建保5年(1217)、鶴岡八幡宮の別当であった梶原専光坊僧正景實(梶原平三景時の兄)は、正治元年(1119)、源頼朝が没すると、これを追うかのような梶原景時一族の没落、又、和田、畠山氏が滅んで行くのを見て世を憂い鎌倉を離れ、蝦夷千島を目指して下り、その途中、唐桑の石浜に辿りつきそこを切り拓き住んだと云う。居宅の脇に一廟を建て、源頼朝、梶原景時、 梶原景季の御影を安置し、一族の冥福を祈り菩提を弔う為、梶原神社を崇め奉った。

建保7年(1219)、一族の梶原三郎兵衛尉景茂の子である第二代大和守景永は父の仇を討った後、景實僧正の後を慕ってこの地に至り景實の猶子となった。景永は神職となり、早馬大権現別当として早馬山頂に社殿を建立したという。

梶原景時は、源頼朝が挙兵し敗れ洞窟に隠れていたのを故意に見逃し、その後頼朝に仕え厚い信任を受けていた。しかし、頼朝の死後、景時は他の御家人の多くから反感を買った。正治元年(1199)、結城朝光と梶原景時は対立し、鎌倉の多くの御家人は結城朝光に加担し景時を弾劾した。
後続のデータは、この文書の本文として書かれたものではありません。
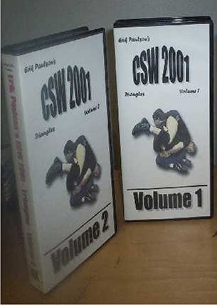 | CSW 2001 de Erik Paulson – Triângulos Volume 1. Este vídeo cobre triângulos da guarda e posições de quartel. 12 fluxos de triângulos diferentes são mostrados. Erik lhe mostrará passo a passo como aplicar seus apoios de acabamento. 1. Exercício de aquecimento / memória muscular de 5 contagens. 2. Arco e flecha de 9 contagens. 3. Contador de travamento de tornozelo traseiro usando o afogador triangular. 4. Contrair o Hip-In Guard Pass. 5. Contador de passes de proteção de pino de joelho usando o afogador triangular. 6. Contador de passes de proteção do pino de quadril usando o afogador do triângulo. 7. Estante Stack Counter usando o Triangle Choke # 1. 8. Posicione o contador de pilha usando o afogador triangular # 2. 9. Fluxo da posição do quarto 1. 10. Fluxo da posição do quarto 2. 11. Fluxo da posição do quarto 3. 12. Fluxo das posições do quarto 1 – 3. CSW de Erik Paulson 2001 – Triangles Volume 2. Este vídeo cobre triângulos de Kesagatame e posições laterais. 1. V-Arm Lock de Kosure Kesagatame. 2. Triângulo do ombro a partir da posição transversal do corpo. 3. Fluxo do triângulo de bloqueio do braço giratório. 4. Contrair o contador de garras de pulso com um triângulo de mergulho. 5. Inverta o Triângulo para a Trava de Compressão da Cabeça Sentada de Kosure Kesagatame. 6. Barra de braço reta para cruzar o triângulo do ombro do corpo. 7. Barra de braço reto para o triângulo do ombro para o gancho da perna Crunch lateral. 8. Helicóptero para travar o pescoço até o triângulo de joelhos. 9. Fluxo do triângulo de Kosure Kesagatame, terminando com um triângulo lateral. 10. Bloqueios de Kesagatame padrão para o triângulo lateral.

景時は一族を連れて、領地である相模国に下り、武田氏を将軍にしようとするも、その前に追討され討死した。一族のほとんどはこの時に討死したが、景時の次子、梶原景高の子景継は再び幕府に仕えた。また景時の三男の梶原景茂の子孫は室町時代には近畿、さらに阿波国、讃岐国へも梶原一族は広がっていった。

奥州の地にも梶原一族は逃れてきたらしく、この唐桑の他にも歌津にも梶原氏の伝承は残っている。